I'll write soon about the alternatives for multi-tenancy on YugabyteDB, as this is something a lot of users are asking for (for SaaS - Software as a Service). The solutions are a balance between isolation and scalability. Here I'm showing the maximum scalability one, where a new tenant does not require any additional resources, because all is running on the same database, accessed by the same connection pool, sharing the same schema. But still isolated from a security point of view thanks to Row Level Security (RLS). I am showing an example on YugabyteDB. The same is running the same on PostgreSQL, but then you will have a limit in the scalability as you cannot add writer nodes.

In order to show how it can be transparent with a legacy application, I'll take the example of the builtin pgbench.

database, table owner and user

I create a "saas" database with two users:

  • "saas_owner" will own the tables in the public schema, and have access to all tenants
  • "saas_user" will have all DML grants to the tables, but restricted to one tenant
PGPASSWORD=franck PGHOST=yb1.pachot.net PGPORT=5433 PGUSER=yugabyte PGPASSWORD=yugabyte
psql
 create database saas;
 create user saas_owner;
 grant all on schema public to saas_owner;
 create user saas_user;
 grant all on schema public to saas_user;
 \c saas saas_owner

psql (15devel, server 11.2-YB-2.7.2.0-b0)
You are now connected to database "saas" as user "saas_owner".
Enter fullscreen mode Exit fullscreen mode

Now, connected as "saas_owner", I'll create the pgbench tables.

tables with "tenant_id"

In this solution, all tenant data will be stored into the same table. This is an advantage when you want to manage all as one. The isolation of data is ensured with an additional column "tenant_id". Of course you can name it as you want. This column will be added in front of the primary keys. In addition to that, I want this multi-tenancy to be transparent to the application, and then add a default value from a 'rls.tenant_id' session variable. Again, you can name it as you want. And using a session variable is just an option. The RLS condition is customizable.

I could create the tables with pgbench -i and add the "tenant_id" column later but I'll also have to add this column to the primary keys, and in front of all index column list. Then it is easier to write the full DDL:

\c saas saas_owner

CREATE TABLE pgbench_accounts (
 tenant_id int default current_setting('rls.tenant_id')::int not null,
 aid integer NOT NULL,
 bid integer,
 abalance integer,
 filler character(84),
 PRIMARY KEY(tenant_id,aid)
);
CREATE TABLE pgbench_branches (
 tenant_id int default current_setting('rls.tenant_id')::int not null,
 bid integer NOT NULL,
 bbalance integer,
 filler character(88),
 PRIMARY KEY(tenant_id,bid)
);
CREATE TABLE pgbench_history (
 tenant_id int default current_setting('rls.tenant_id')::int not null,
 tid integer,
 bid integer,
 aid integer,
 delta integer,
 mtime timestamp without time zone,
 filler character(22),
 PRIMARY KEY(tenant_id,tid,bid,aid)
);
CREATE TABLE pgbench_tellers (
 tenant_id int default current_setting('rls.tenant_id')::int not null,
 tid integer NOT NULL,
 bid integer,
 tbalance integer,
 filler character(84),
 PRIMARY KEY(tenant_id,tid,bid)
);

Enter fullscreen mode Exit fullscreen mode

The default current_setting('rls.tenant_id')::int will read the session value at INSERT time so that the multi-tenant application has only to set this variable when grabbing a connection from the connection pool.

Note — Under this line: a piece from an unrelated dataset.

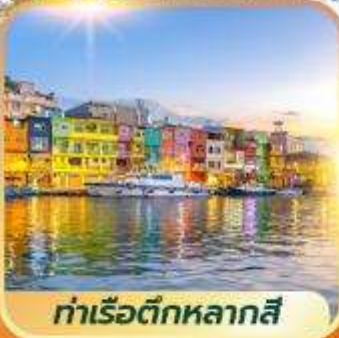
ท่าเรือตึกหลากสี
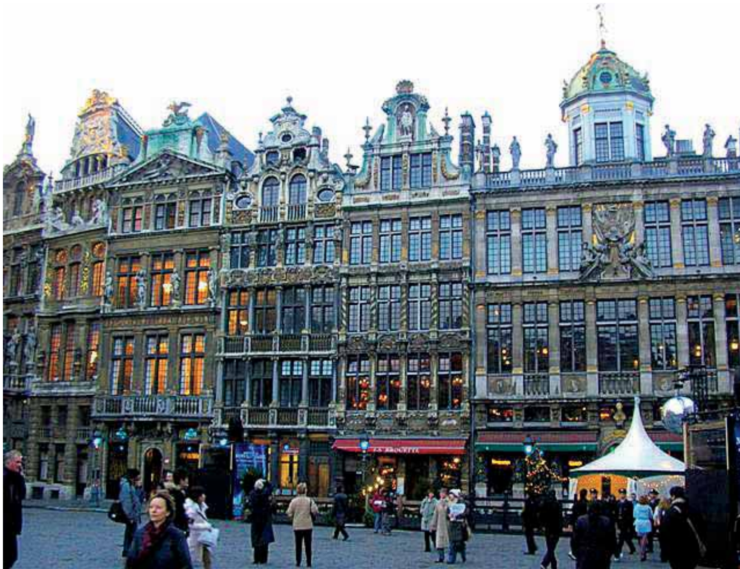
Središnji trg - Grand Place - prva s desna je velika palača Ceha pekara

Then all inserts will automatically put data into the right tenant.

Note that you can use the current_user instead of a session variable in the case you want a different connection pool for each tenant. But connections have a limit and I'm presenting here the most scalable design that can work with millions of tenants if needed.

Row Level Security (RLS)

The default value in the column definition makes multi-tenancy transparent for inserts, for sessions setting the session variable, but doesn't enforce any security. PostgreSQL has a feature to enforce this, which also brings this transparency to other DML statements:

\c saas saas_owner

alter table pgbench_accounts enable row level security;
alter table pgbench_branches enable row level security;
alter table pgbench_history  enable row level security;
alter table pgbench_tellers  enable row level security;
Enter fullscreen mode Exit fullscreen mode

From this point, the "saas_owner" can still access to all rows but other users will not see anything, even when fully granted access:

\c saas saas_owner

grant select, insert, delete, update on pgbench_accounts to saas_user;
grant select, insert, delete, update on pgbench_branches to saas_user;
grant select, insert, delete, update on pgbench_history to saas_user;
grant select, insert, delete, update on pgbench_tellers to saas_user;

\c saas saas_user
saas=> insert into pgbench_branches values (0,0,0,0);
ERROR:  new row violates row-level security policy for table "pgbench_branches"

Enter fullscreen mode Exit fullscreen mode

The "saas_owner" has now to create policies to grant row-level access. Here I'll do that on this 'rls.tenant_id' session variable:

\c saas saas_owner

create policy tenant_id on pgbench_accounts for all to public using(tenant_id=current_setting('rls.tenant_id')::int);
create policy tenant_id on pgbench_branches for all to public using(tenant_id=current_setting('rls.tenant_id')::int);
create policy tenant_id on pgbench_history  for all to public using(tenant_id=current_setting('rls.tenant_id')::int);
create policy tenant_id on pgbench_tellers  for all to public using(tenant_id=current_setting('rls.tenant_id')::int);

Enter fullscreen mode Exit fullscreen mode

Now, let's see what the "saas_user" can do:

saas=> \c saas saas_user
psql (15devel, server 11.2-YB-2.7.2.0-b0)
You are now connected to database "saas" as user "saas_user".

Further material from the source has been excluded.